На сорока мучеников по всему Симбирску второй раз весну зазывают. (Первый раз на сретенье перед масленой звали, да не пришла весна тогда, заупрямилась.) День уже с ночью сравнялся, с Волги мокрый ветер задувает, на быстрине полыньи расступились, вода сквозь лед просочилась, наружу вышла… По Большой Саратовской бежит радостный мальчуган с выпеченным из теста жаворонком на шесте: жаворонки, жаворонки, прилетайте к нам, зима надоела, весь хлеб подъела!.. Воткнул шест в последний сугроб: сидит жаворонок на шесте, вместо глаза у него конопляное семечко, зорко поглядывает по сторонам — может, где и настоящая птаха объявится. Тогда раскрошится сдобный жаворонок, рассыплется с шеста, чтобы живым пичугам было что поклевать, чем поддержать исчезнувшие в перелетах силенки, пока нет на кустах и деревьях птичьего лакомства — разных букашек.
Если не слышно на сорока мучеников в Подгорье жаворонковой песни, то уж скворец-то в город наверняка припожаловал (лишь бы зяблик в такую рань не объявился — принесет на хвосте стужу да заворот к зиме). У Ульяновых на Московской улице и во дворе и в саду десятка полтора скворечен — не меньше. Все скворчиные дома аккуратно выструганы, высветлены, нигде ни сучка, ни щелки. Прилетел скворец, покружился над деревьями, облюбовал себе терем по вкусу, присел на секунду на ступеньку перед круглым входом — юрк внутрь! — и тут же обратно, и пошел, пошел рассказывать, сидя на скворечне, что видел по дороге из теплых стран, какие песни слыхивал. Благодарит скворец хозяев сада за то, что дом хороший ему приготовили (скворец — птица вежливая, воспитанная), а хозяева слушают новосела внимательно: может быть, и в далеком каменном городе Петербурге новый постоялец был, может быть, оттуда какие-нибудь новости принес?

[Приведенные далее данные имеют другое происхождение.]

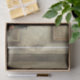 Une image d'un chaton félin charmant mais perplexe, stylisé à la manière de Pacheco avec des traits anthropomorphiques, élégamment habillé. Le chat est assis sur un petit canapé, apparemment dans une salle d'attente. L'oeuvre rappelle l'art moderne, mettant l'accent sur les tons marron et artisanal à l'aide de papier découpage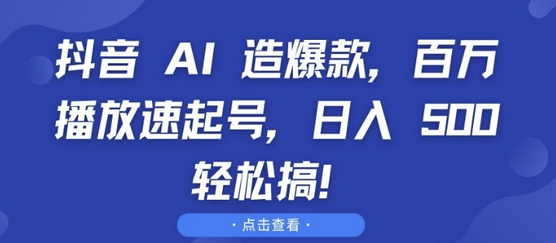 抖音 AI 造爆款,百万播放速起号,日入5张 轻松搞【揭秘】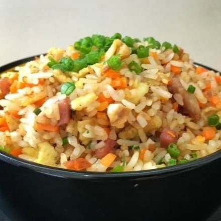 Risoto chinês com presunto, ovos mexidos, cenoura e cebolinha picada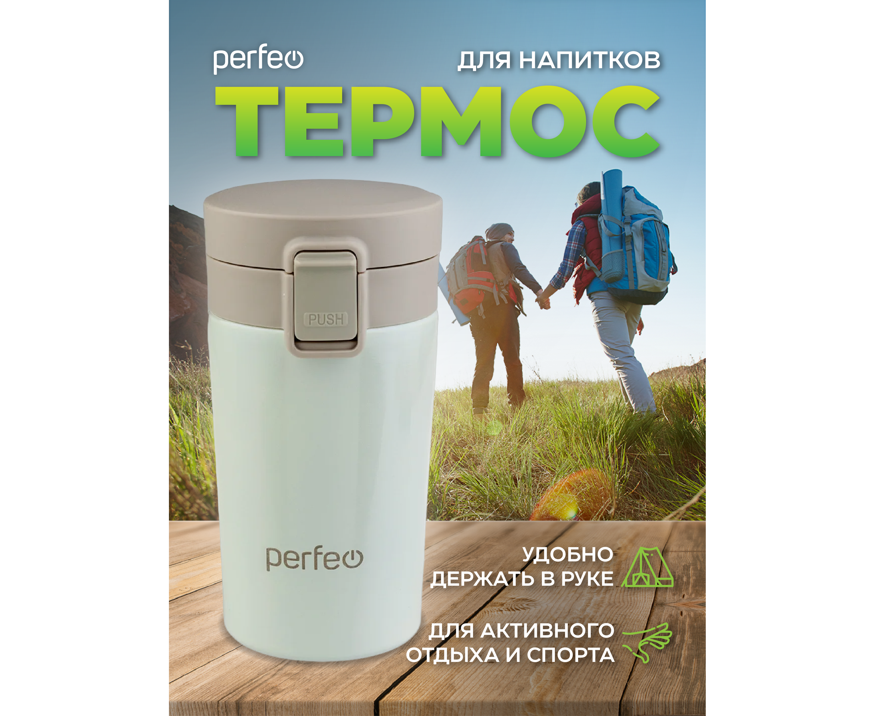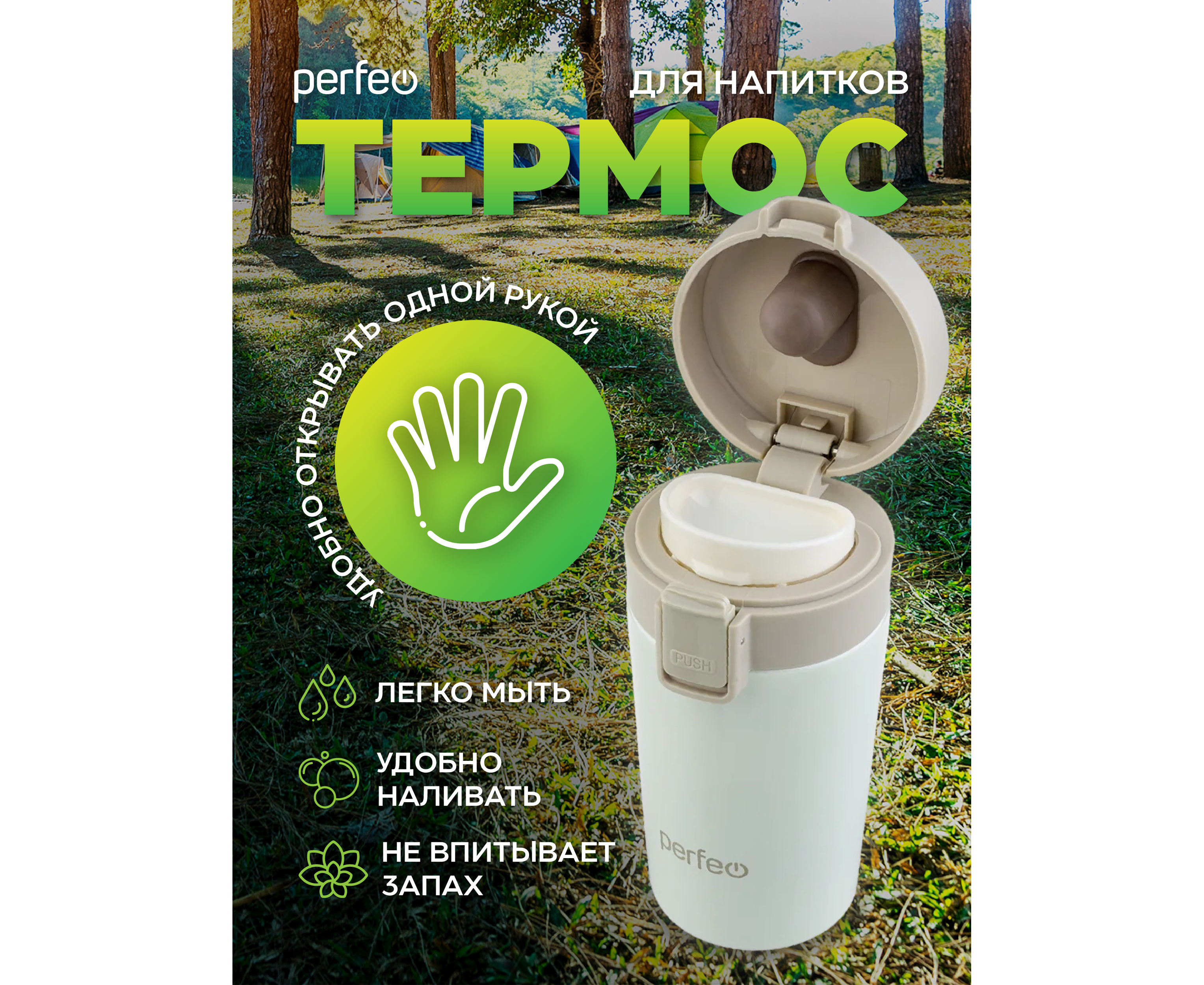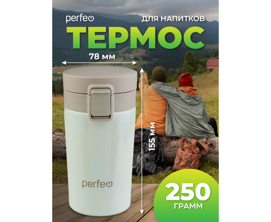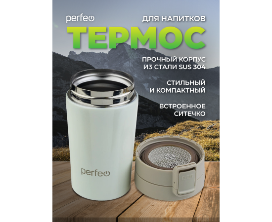 Термокружка для напитков PERFEO с крышкой-поилкой, ситечком, объем 0,25 л., кремовый (PF_C3728)

Но скворец хоть и вежливая, но все-таки чрезвычайно легкомысленная птица. Перещелкивает, пересмешничает что-то с чужих голосов, веселится, задирается с соседями… Нет, в Петербурге он, конечно, не был, ничего рассказать об этом городе не может, ничего о происходящих там событиях не знает.
Эх, если б знать бы!..
— Мама, мамочка, мамочка!..
— Саша, Сашенька, мальчик мой!..
— Прости, мамочка, прости…
— Мальчик мой бедный, ну что ты, что ты…
— Мне так больно было за тебя…
— Не надо, сынок, не надо…
— Тебе тяжело было слушать меня, я понимаю…
— Не надо, Сашенька, не надо…
— Я не мог по-другому… Нужно было сказать о наших взглядах… Нужно было дать отповедь прокурору…
— Он учился у папы…
— Я знаю…
— Я хотела встретиться с ним до суда…
— Ни в коем случае, мамочка…
— Теперь уже поздно…
— Он негодяй, карьерист, он причинил бы тебе только лишнюю боль!
— Я была у Таганцева, Саша…
— Кто это?
— Профессор университета, криминалист… Он был знаком с папой в Пензе.
— А для чего, мамочка?
— Он написал мне записку к Фуксу…
— Фуксу?
— От Фукса зависело разрешение на свидание…
— Зачем ты ходишь к ним, мамочка?
— Николай Степанович Таганцев очень порядочный человек. Он обещал помочь.
— В чем же?
— Он обещал отдельно устроить твое прошение.
— Мое прошение? О чем?
— О помиловании, Сашенька.
— Но я не подавал прошения!
— Надо это сделать, Сашенька, и как можно скорее.
— Мама, это невозможно.
— Невозможно? Почему?
— Я не имею права подавать прошение.:
— Почему, Сашенька, почему?
— Это противоречило бы моему выступлению на суде.
— Но ведь речь идет о твоей жизни, Саша!
— Я не могу.
— Сашенька, милый, я прошу тебя!
— Нет, нет, это невозможно!
— Сашенька, мальчик мой!
— Мама, не надо, не надо…
— Я умоляю тебя, Саша…
— Мама, не плачь. Я не подам прошения.
— Да почему же, Сашенька, почему? Все уже подали…
— И Осипанов?
— Осипанов — нет.
— А остальные все?
— Почти все.
— Кто же еще не подал?
— Кажется, Генералов…
— А еще?
— Андреюшкин…
— Молодцы!
— Саша, объясни мне: почему ты не хочешь?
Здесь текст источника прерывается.